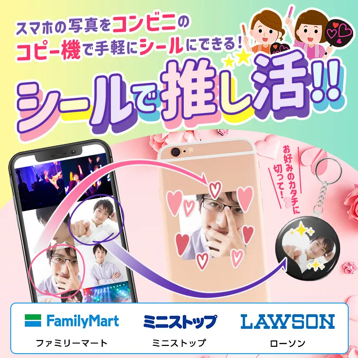 スマホでステッカー作成、コンビニでプリント!スマホアプリ『コンビニシール倶楽部』オリジナルのシールが作れちゃう!手軽にコンビニで印刷!LAWSON &Family Mart対応。
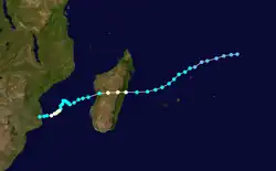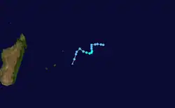 Fabienne existed from February 11 to February 25. On February 18, Fabienne passed just west of Rodrigues, producing wind gusts of 254 km/h (158 mph). The storm caused two fatalities on the island, as well as 16 injuries.[4][5][6]
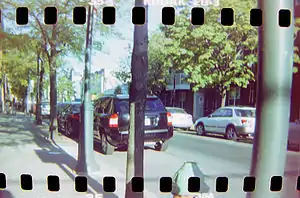 Sprocket hole photography is a style of photography that exposes the full width of 35 mm film, creating a photograph punctuated by the "sprocket holes" (perforations) along the edges of the film. Usually, this style involves the use of a modified medium format camera, since a 35 mm camera ordinarily will not expose the edges of the film.
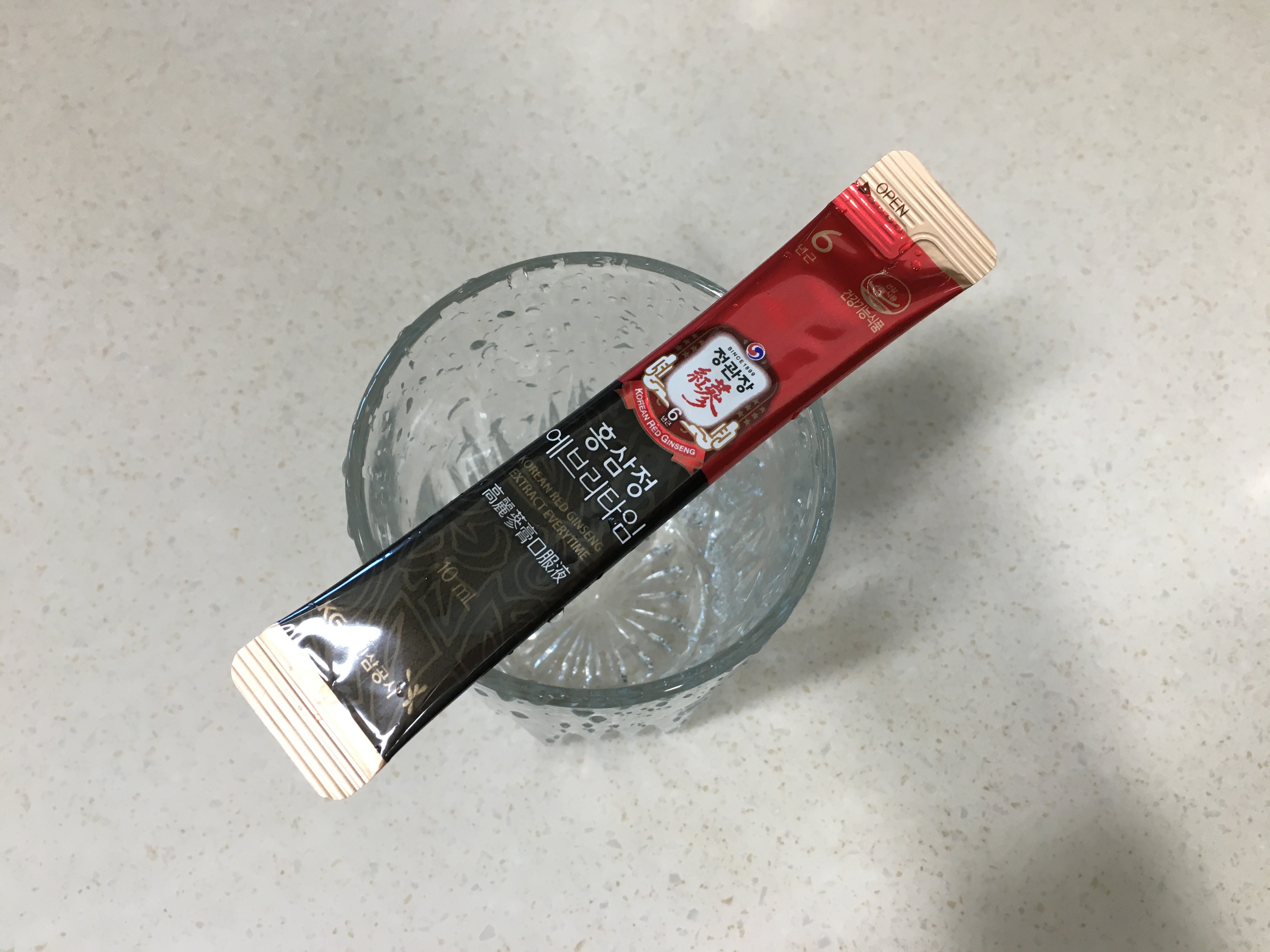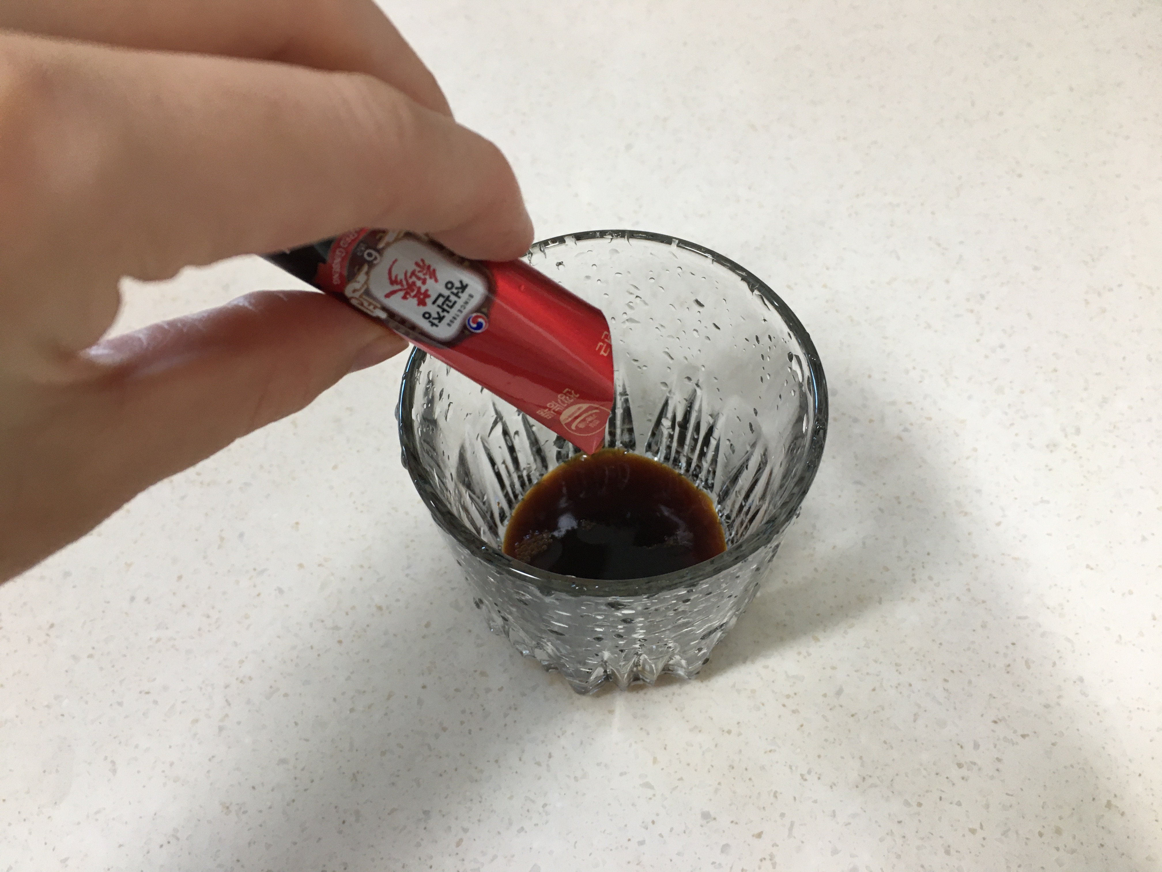 다 따르고나면 딱 저만큼의 양이 바닥에 깔리듯 나옵니다. 양은 다소 적은편이라 실망할수도있는데 맛을보면 꽤 농축된 맛이라 씁쓸하고 아주 진한홍삼액 맛이 강렬하게 납니다.

■ ■ ■ ■

▶ **Your objective**
Transcribe, please, the lines from the one holding "Fabienne existed from" to the final line of the material, both included, exactly and with no extra lines, and skip the pictures.

▶ **Response to the exercise**
 Fabienne existed from February 11 to February 25. On February 18, Fabienne passed just west of Rodrigues, producing wind gusts of 254 km/h (158 mph). The storm caused two fatalities on the island, as well as 16 injuries.[4][5][6]
 Sprocket hole photography is a style of photography that exposes the full width of 35 mm film, creating a photograph punctuated by the "sprocket holes" (perforations) along the edges of the film. Usually, this style involves the use of a modified medium format camera, since a 35 mm camera ordinarily will not expose the edges of the film.
 다 따르고나면 딱 저만큼의 양이 바닥에 깔리듯 나옵니다. 양은 다소 적은편이라 실망할수도있는데 맛을보면 꽤 농축된 맛이라 씁쓸하고 아주 진한홍삼액 맛이 강렬하게 납니다.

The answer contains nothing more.